[sic] Read online




  Contents

  [sic]

  1. A return to Earth

  2. David Bloom

  3. You’re in luck. I’m the normal one.

  4. Landlord

  5. Eureka

  6. Day one

  7. Other people

  8. No exit

  9. Father figures

  10. Grounded

  11. Other people’s dads

  12. Sport

  13. The quack

  14. Blackbird

  15. Poortraits

  16. David graduates

  17. The talented Mr. Bloom

  18. High hopes

  19. Virgins

  20. Hate in healthy doses

  21. Memento mori

  22. Immaculate misconception

  23. Diva

  24. Awakening

  25. Aftermath

  26. Mouth or mouthful

  27. Chased

  28. All fires, one fire

  29. Nature/nurture

  30. The end of Eureka

  31. Predators circle, just past the campfire

  32. Self defense

  33. The weapon of choice

  34. The Grackle King

  35. I blame the death of David Bloom on…

  Help me

  Keep the Ghost by Scott Kelly

  1. Lacuna

  2. The search

  3. Conscience

  4. Conspirators

  5. Causeway

  6. Detective

  7. Truth

  [sic]

  by Scott Kelly

  Want to get special deals, extras, and early access to new novels?
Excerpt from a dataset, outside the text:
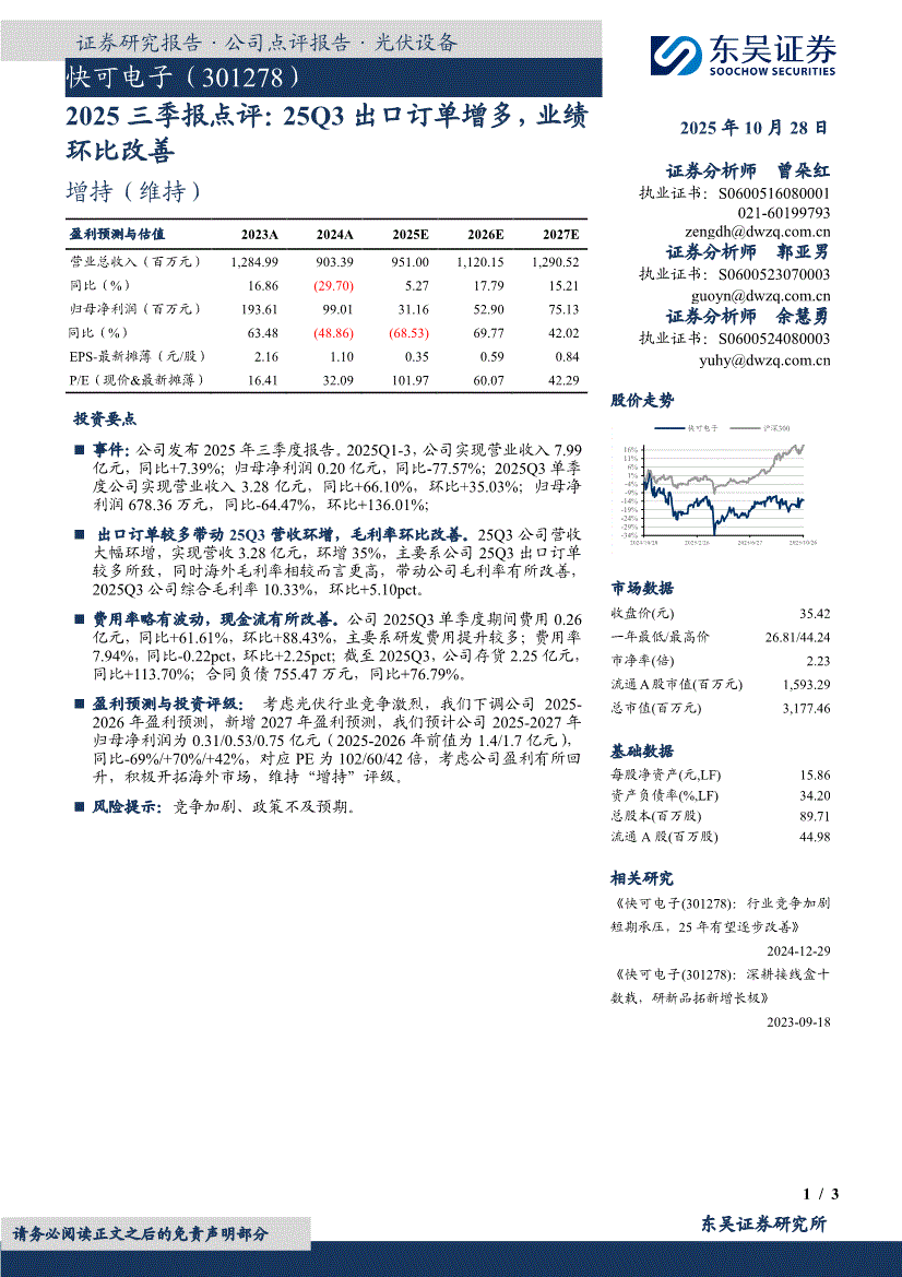 快可电子:东吴证券-快可电子-301278-2025三季报点评:25Q3出口订单增多,业绩环比改善-251028

Join my mailing list.

  Also by Scott:

  The Blue (2014)

  Keep the Ghost (2015)

  www.ScottKellyWritesBooks.com

  © Scott Kelly 2015. All rights reserved.

  Version 20150513, the Eureka Edition.

  Cover by Greg Poszywak

  The first seven chapters of my novel “Keep the Ghost” are included after the conclusion of [sic].

  1. A return to Earth

  My personal savior is named David Bloom, and right now he’s falling about ten stories from the top of a water tower. And my stupid stunned mind, all I can think is that he looks great doing it. Arms spread, fingertips extended, face serene—homicide by stage dive. His body returns to the earth below, the fall reducing him to a streak of white and blue cloth, brown hair blown back from closed eyes. Maybe he’s smiling. Maybe I just like to think so.

  I can’t see that well. I’m pretty far away, under the cover of some trees, watching through a gap in the leaves. Was supposed to meet someone here.

  A masked figure is rushing down the ladder of the tower, half sliding, spider skittering down a drain. David’s executioner. At least five people, including me, have a good reason to kill David. Naturally, we’ve all been friends for life.

  A good hero would chase the killer.

  I am not a good hero. I’m not even a good me.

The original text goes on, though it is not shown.